They stepped out of the tomb as a maintenance-servitor rushed past them. It was essentially a threaded vacuum-cleaner. From the mouth hanged a long elastic trunk it used to suck up all the dust in the hallway with. Carrus whistled pressing the depression in the door as soon as both were out of the room, the stasis-field were re-activated. Ionza then spoke up as the vacuum-servitor unearthed another tomb. "Carrus you should see this!" The excitement was heard in her voice. Carrus immediately spun around. He glanced right at the tomb of commissar Zephyr Carrus. He nodded and immediately made his way over whistling. Palm-print at depression, stasis-field deactivated. He stepped inside looking at the marble-statue there. Carrus just shrugged eying the price, the Rosarius around it's neck He went to grab it, even whistling.
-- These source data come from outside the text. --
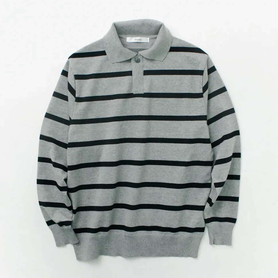 FUJITO introduces a lager shirt with an eye-catching thick stripe pattern. This is a piece with FUJITO’s unique specifications, a knit sweater made from a lager shirt like the one worn by the famous painter David Hockney. It features a comfortable fabric and a moderately loose silhouette.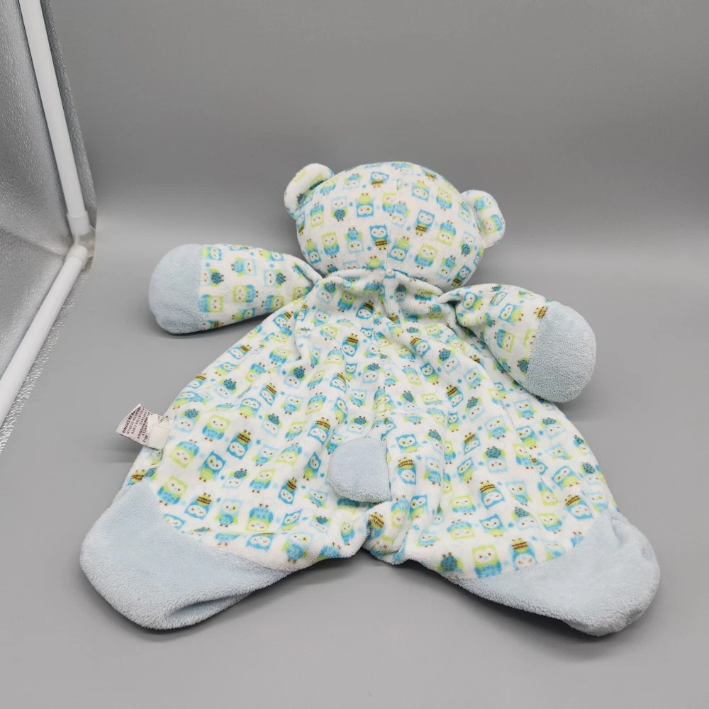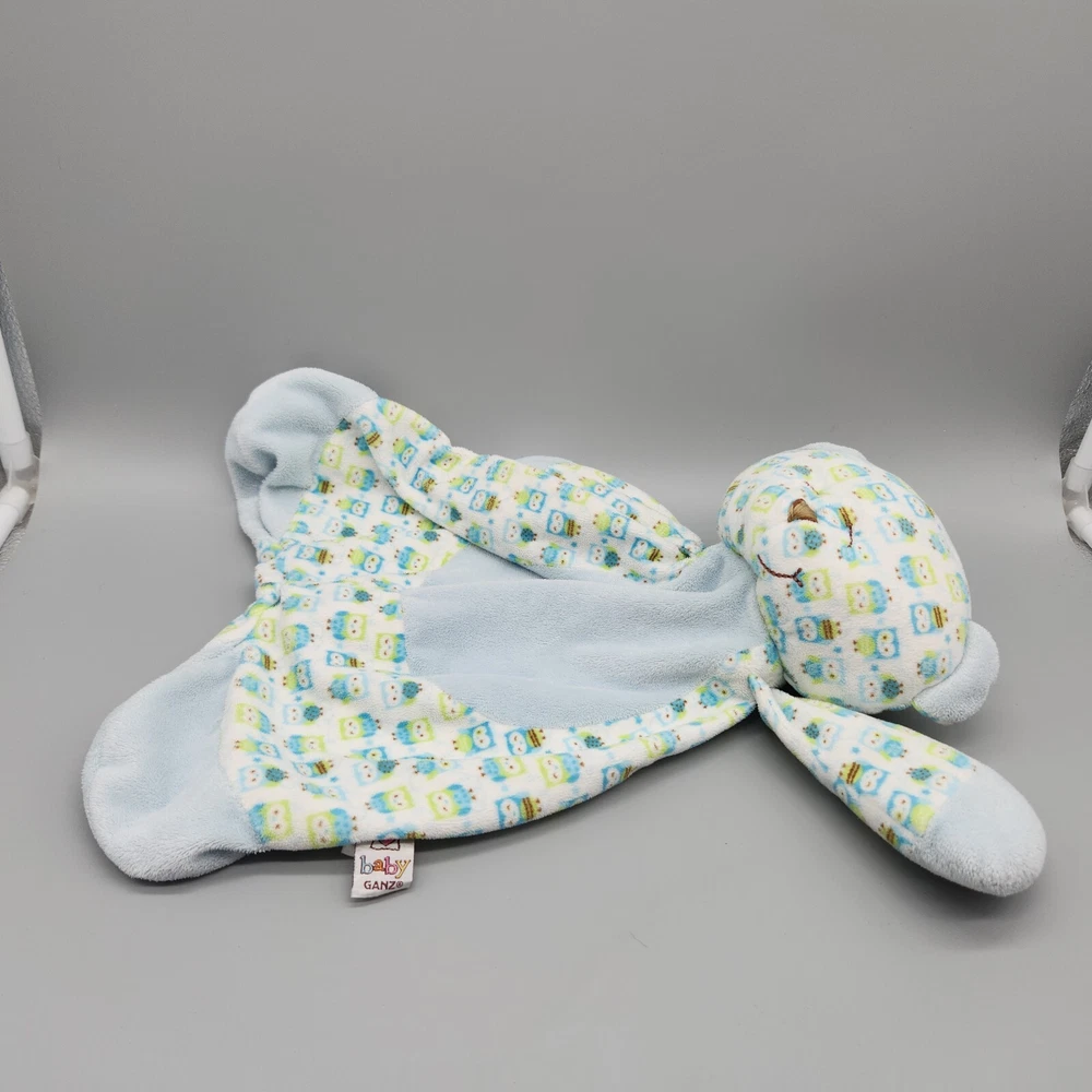 Baby Ganz Sleepy Time Bear Lovey Security Blanket Owl Green Blue Plush Flat Toy Approx 5" Long Good g ently loved pre-owned condition. Please see pictures for details.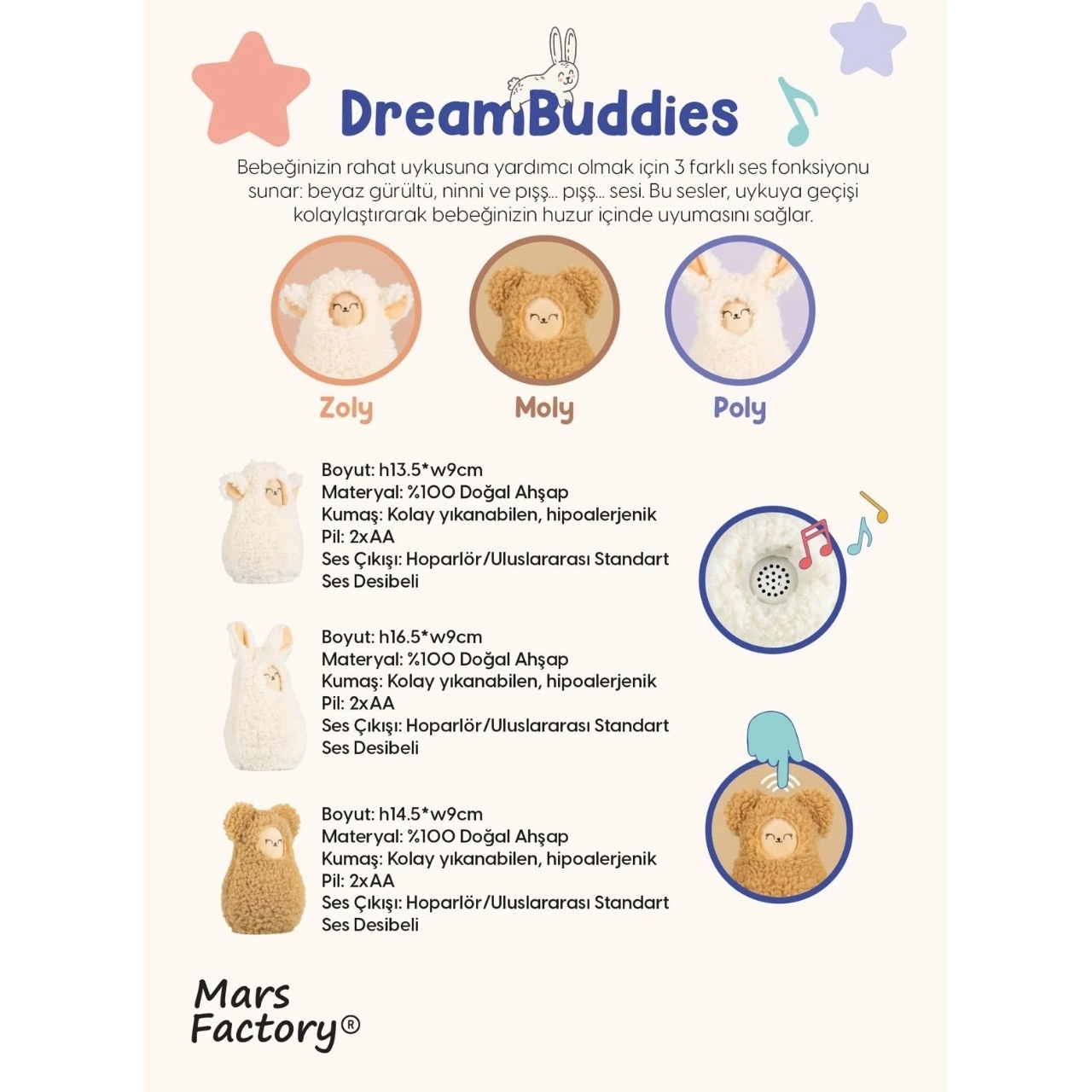Dream Buddies, bebeğinizin uykuya geçişini kolaylaştırır ve gece boyunca sakin, huzurlu bir uyku ortamı oluşturur. Hem güvenli hem de doğal bir uyku arkadaşı arayan aileler için ideal bir seçimdir.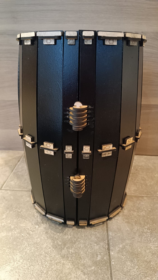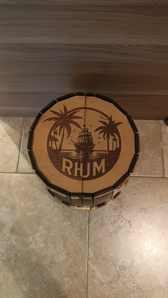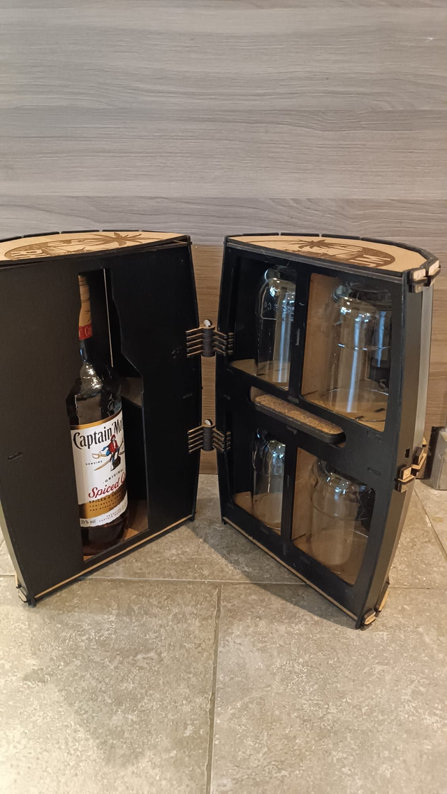 Coffret cadeau en forme de tonneau, fabriqué dans notre atelier à partir de planches de bois découpées et gravées au laser. Un objet déco original qui fait son effet dès l’ouverture : il accueille une bouteille 75 cl (format classique), 4 verres et leurs sous-verres grâce à ses compartiments intégrés.

Nothing happened, then suddenly the lid of the casket began moving. Carrus immediately darted back drawing his chainsword bellowing. "Stay back from me fiend I will tear you to shreds with the Headtaker my chainsword!" He used the bombastic statement to mask that he was too scared to even piss his pants. Out of the casket came a mummy, all decayed showing the advanced embalming-techniques used. It shambled towards Carrus who stood in the corner, chainsword activated, too scared to do anything but fight. Ionza came rushing in with her powered rapier preparred to strike. She stopped as she saw the calm moves of it. "Carrus, stand down!" She yelled at him, he loudly barked back. "What?!" Ionza calmed down seeing how the hands of the mummy went for the Rosarius around it's neck. "Stand down that's an order!" Ionza screamed it. Carrus calmed down a bit as the mummy shuffled closer.
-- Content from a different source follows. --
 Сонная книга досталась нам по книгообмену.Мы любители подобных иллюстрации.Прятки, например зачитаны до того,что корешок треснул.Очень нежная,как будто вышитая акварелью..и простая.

"Beware of my namesake! Beware of my namesake!" The mummy called out to Carrus seeking him out without sight with a voice from the abyss sending chills down the spine of even the bravest of men. It shuffled closer to him falling apart at the spot. "Take my Rosariussssssssssss..." The s hanged in the air as it mixed with the hiss of the mummy disappearing into dust as the spark of the Emperor left the creature. Carrus still caught the Rosarius in time. He realized the long-lost relative have gave him a warning and a blessing. "Now I think we have disturbed-" Longer he didn't come before he heard commotion in the hallway, immediately he had Ionza thrown behind the wall, he peaked out with his lasgun aimed straight at his teachers and idols with a certain High Inquisitor in tow.

"What are you two doing here?" The voice of Natrax boomed, he looked enraged at the two pupils. Behind stood Harken and McLandi, behind them the hulking form of Selpid. "I'm here on business as a Techriarch, what the four are doing here disturbing the honored death is beyond me teachers and High Inquisitor." Carrus said though the stress of his recent experience was present in how he voiced the sentence and his bearing as he couldn't control a slight shiver after his latest brush with death. "Lets go somewhere else gentleman and ladies and leave this place silent for the Holy Martyrs of the Emperor *then Carrus hissed* And who is Zephyr Carrus?" The expressions of the four senior Imperial servants could be said to be hilarious as Carrus noted down they looked like speared groxes for four days straight in his private diary, something which was confirmed by Ionza's diary with the addition that McLandi actually looked pale by hearing the words.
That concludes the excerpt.